Print the line containing "Ванна моечная для" and each line after it through the end of the material below, exactly as it appears, but skip the pictures.

§ §

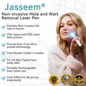 Say goodbye to moles, warts, dark spots, and blemishes with the 𝐉𝐚𝐬𝐬𝐞𝐞𝐦® Non-Invasive Mole and Wart Removal Laser Pen. Designed for effortless at-home use, this compact, lightweight device delivers professional-quality results in minutes. Experience visible skin improvement in just 2 weeks!
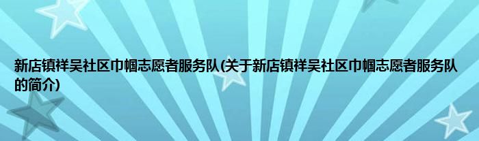 大家好,新店镇祥吴社区巾帼志愿者服务队,关于新店镇祥吴社区巾帼志愿者服务队的简介很多人还不知道,现在让我们一起来看看吧!
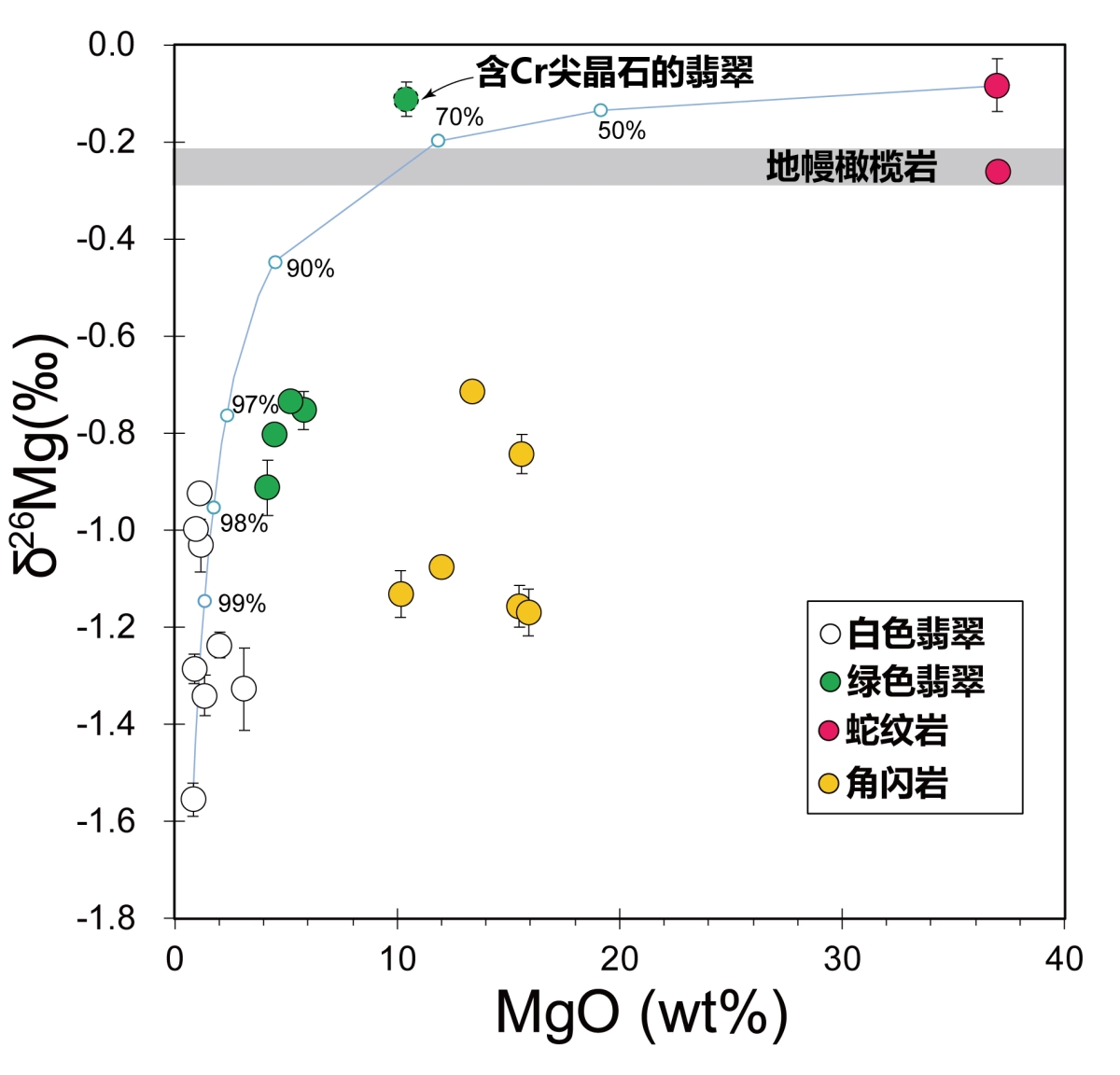 图1 缅甸翡翠及其围岩的Mg同位素特征
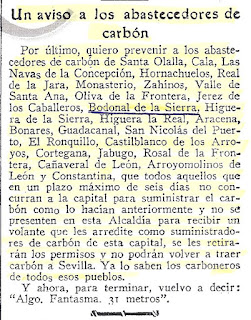 Por último, quiero prevenir a los abastecedores de carbón de Santa Olalla, Cala, Las Navas de la Concepción, Hornachuelos, Real de la Jara, Monasterio, Zahinos, Valle de Santa Ana, Oliva de la Frontera, Jerez de los Caballeros, Bodonal de la Sierra, Higuera de la Sierra, Higuera la Real, Aracena, Bonares, Guadalcanal, San Nicolás del Puerto, El Ronquillo, Castilblanco de los Arroyos, Cortegana, Jabugo, Rosal de la Frontera, Cañaveral de León, Arroyomolinos de León y Constantina, que todos aquellos que en un plazo máximo de seis días no concurran a la capital para suministrar el carbón como lo hacían anteriormente y no se presenten en esta Alcaldía para recibir un volante que les acredite como suministradores de carbón de esta capital, se les retiraran los permisos y no podrán volver a traer carbón a Sevilla. Ya lo saben los carboneros de todos esos pueblos.
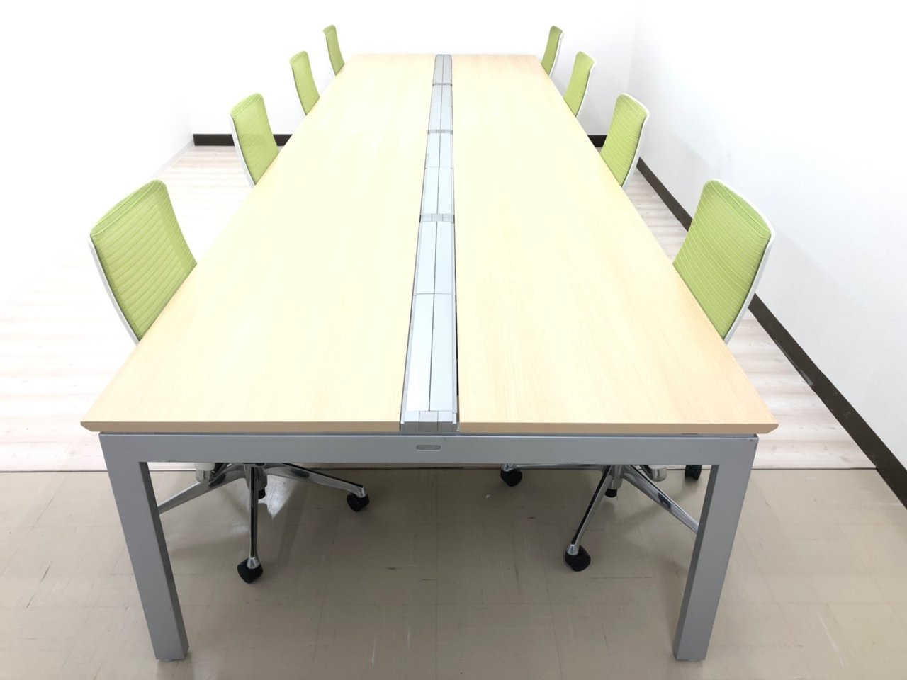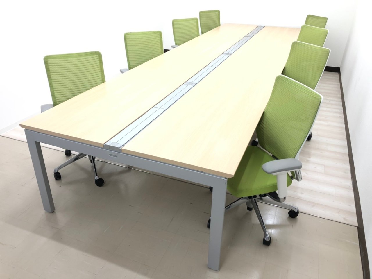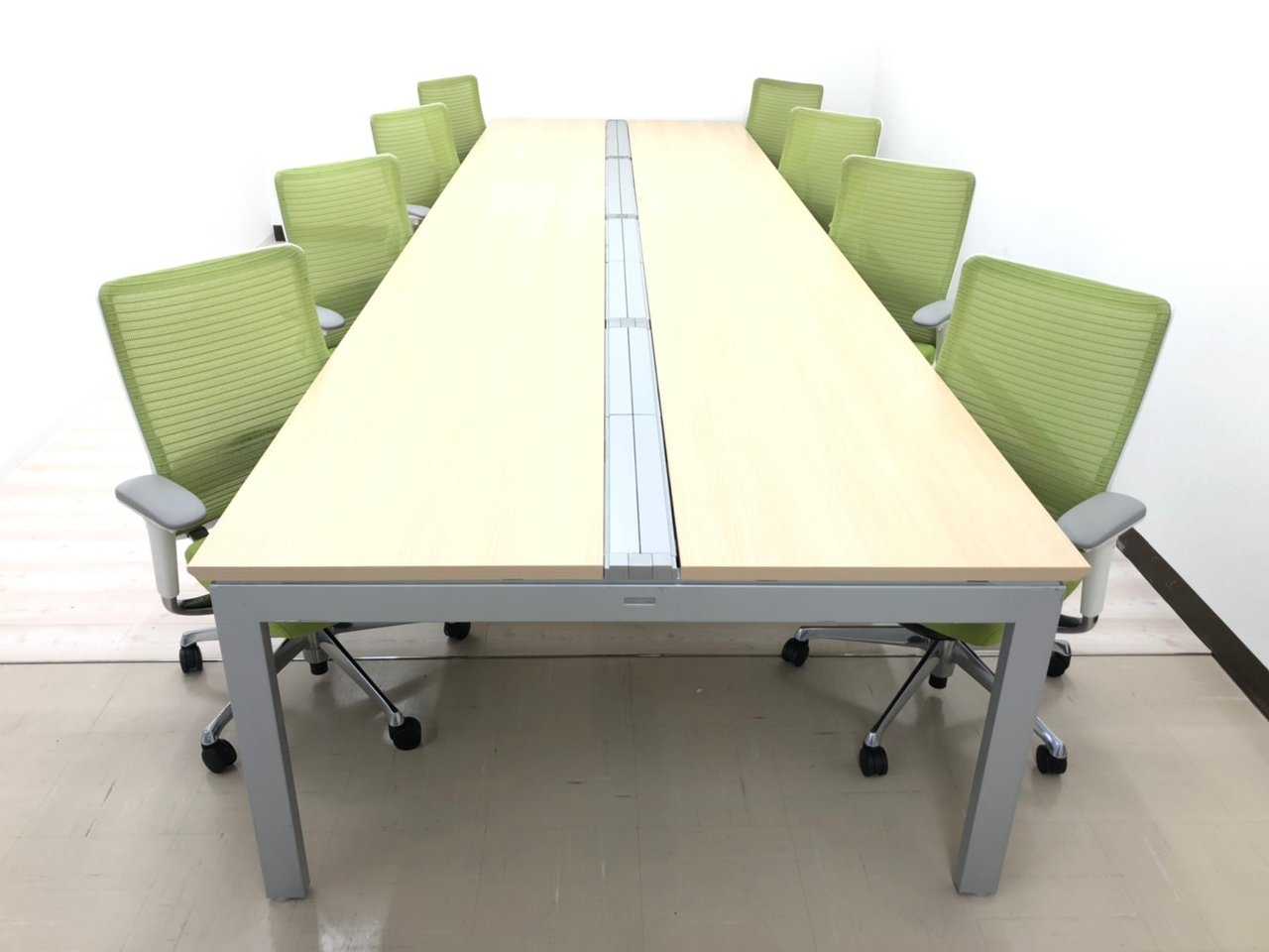 【限定1台】オカムラ プロユニットフリーウェイ フリーアドレスデスク W4800(2400+2400) D1400 天板:ネオウッドライド 脚:シルバー 8名掛け想定 1人当たりW1200の使いやすい定番サイズ
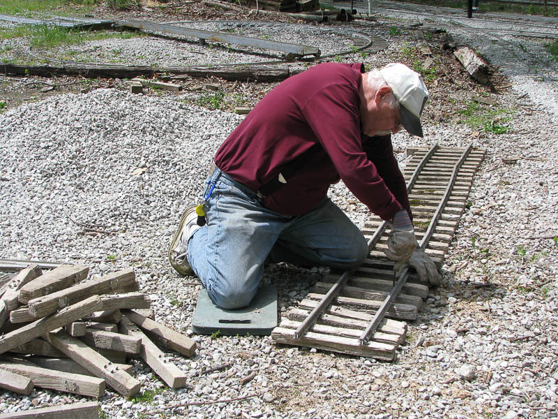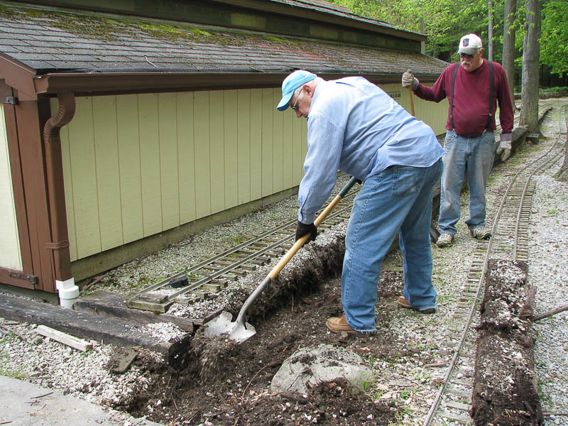 At Drudgery, Steve Zaken was cleaning out the leaves and debri from the ends of the drainage culverts using rakes and shovels. Ken Brooks worked on removing the damaged rail from the ties so they could be reused at another location. |
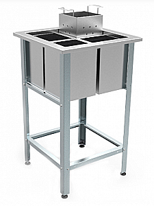 Ванна моечная для мойки яиц сварная, 4 ёмкости из нержавеющей стали aisi 430. Размеры мойки 238х238х400. Каркас уголок оцинкованная сталь, 4 сифона, 4
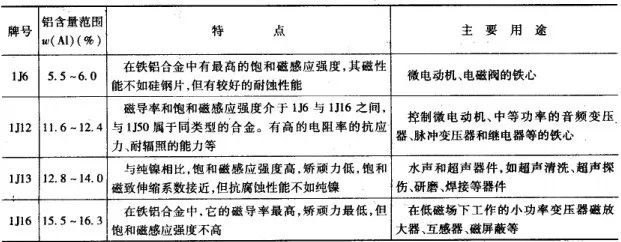 按照性能特點和用途,我國生產的鐵鋁磁性合金主要有四種牌號,其鋁含量范圍、特點和用途見表5;主要性能見表6。
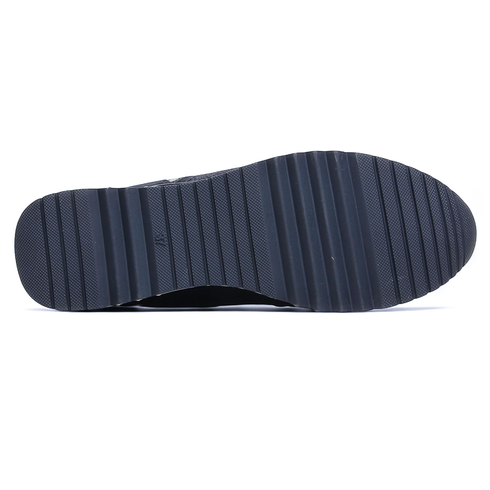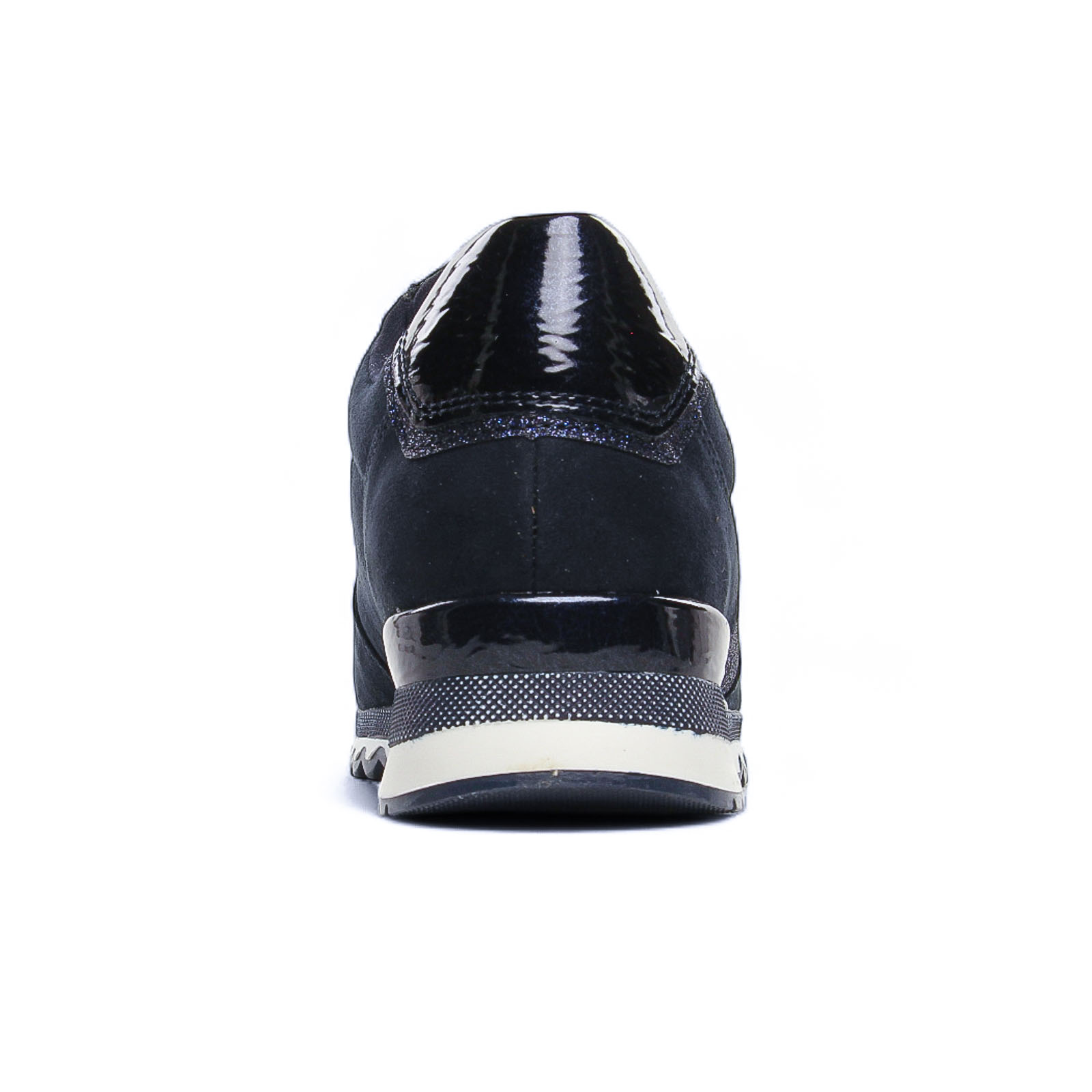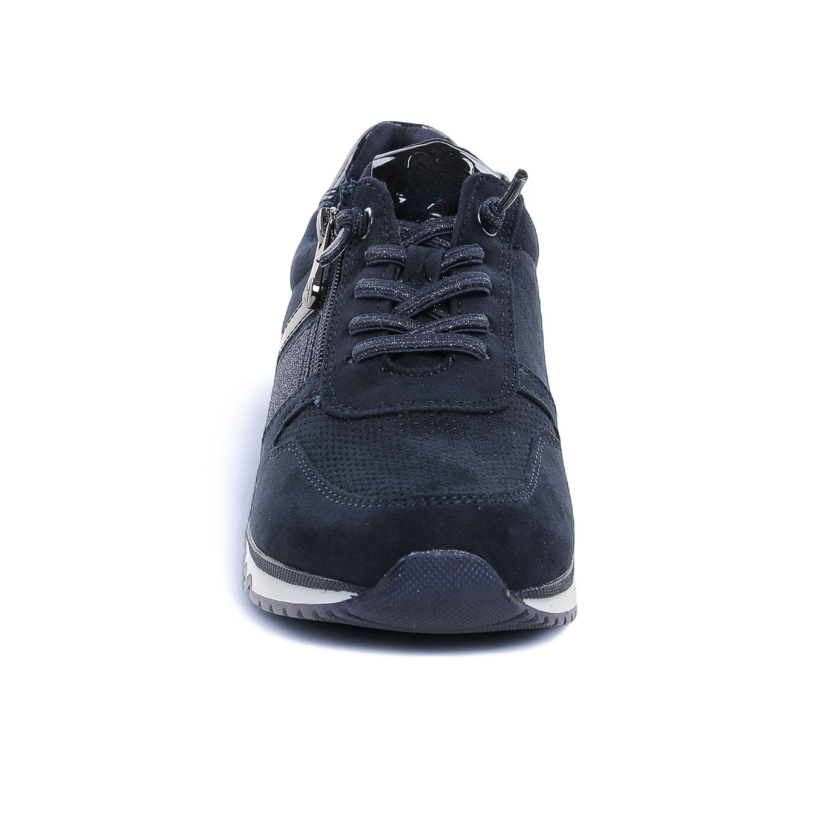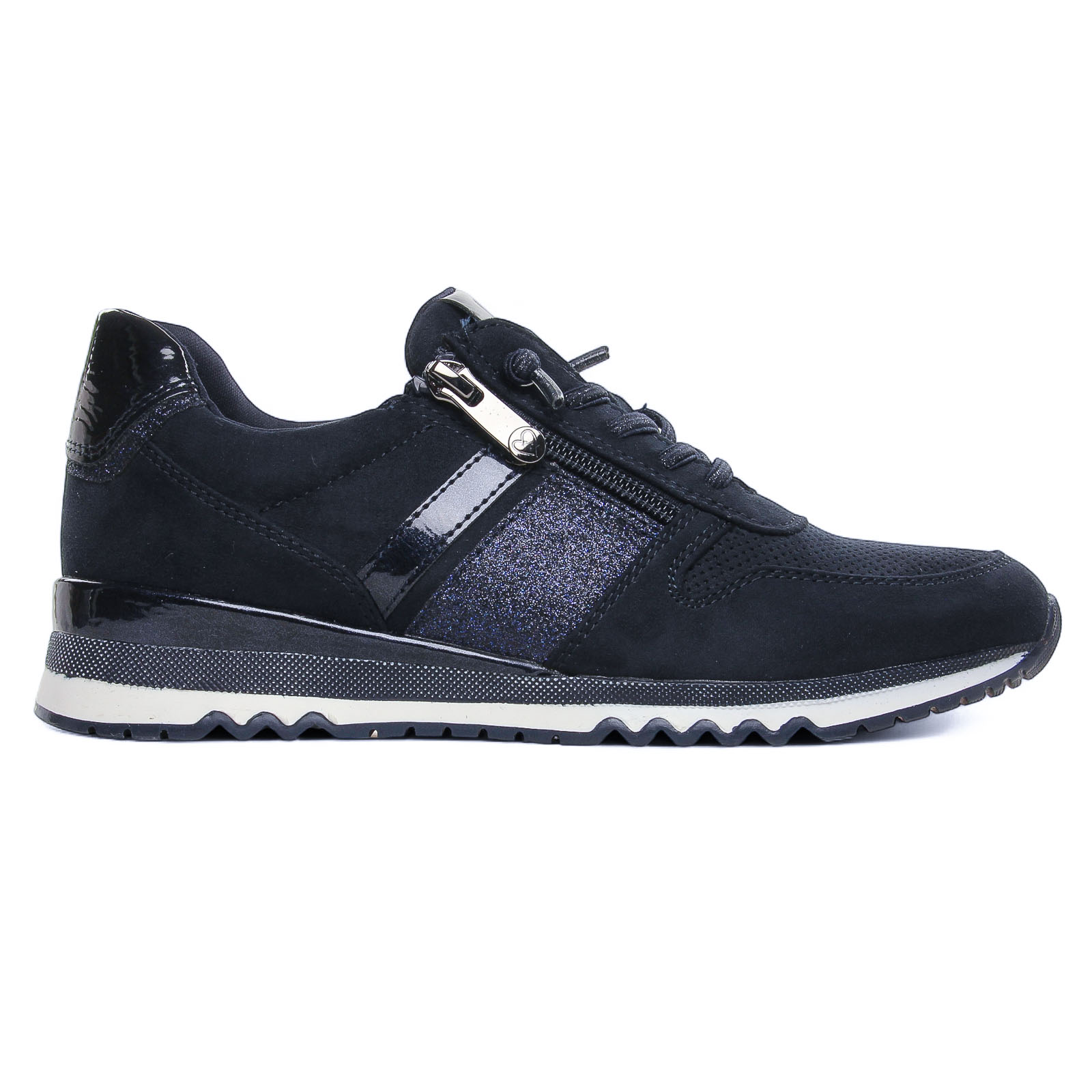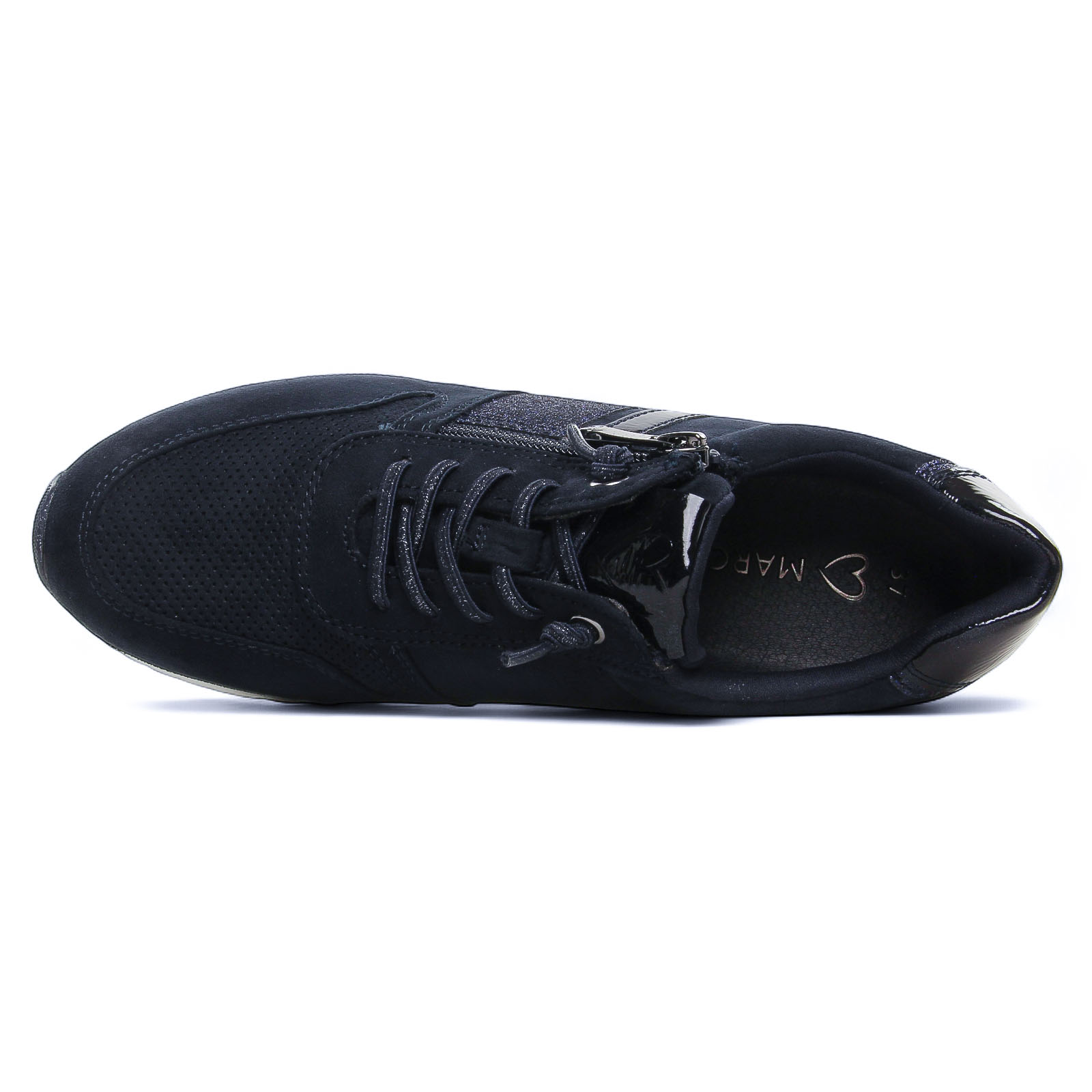 Baskets Mode de la marque Marco Tozzi de couleur bleu foncé. Sneaker pour femme confortable et élégante, tige textile et simi beige effet nubuck, baskets habillée, une première de propreté Feel Me confortable, paillettes or et un empiècement or à l'arrière de la chaussure, un zip et des lacets élastiqués qui permettent un effilement sans effort !

§ §

SOLVED EXERCISE
 Ванна моечная для мойки яиц сварная, 4 ёмкости из нержавеющей стали aisi 430. Размеры мойки 238х238х400. Каркас уголок оцинкованная сталь, 4 сифона, 4
 按照性能特點和用途,我國生產的鐵鋁磁性合金主要有四種牌號,其鋁含量范圍、特點和用途見表5;主要性能見表6。
 Baskets Mode de la marque Marco Tozzi de couleur bleu foncé. Sneaker pour femme confortable et élégante, tige textile et simi beige effet nubuck, baskets habillée, une première de propreté Feel Me confortable, paillettes or et un empiècement or à l'arrière de la chaussure, un zip et des lacets élastiqués qui permettent un effilement sans effort !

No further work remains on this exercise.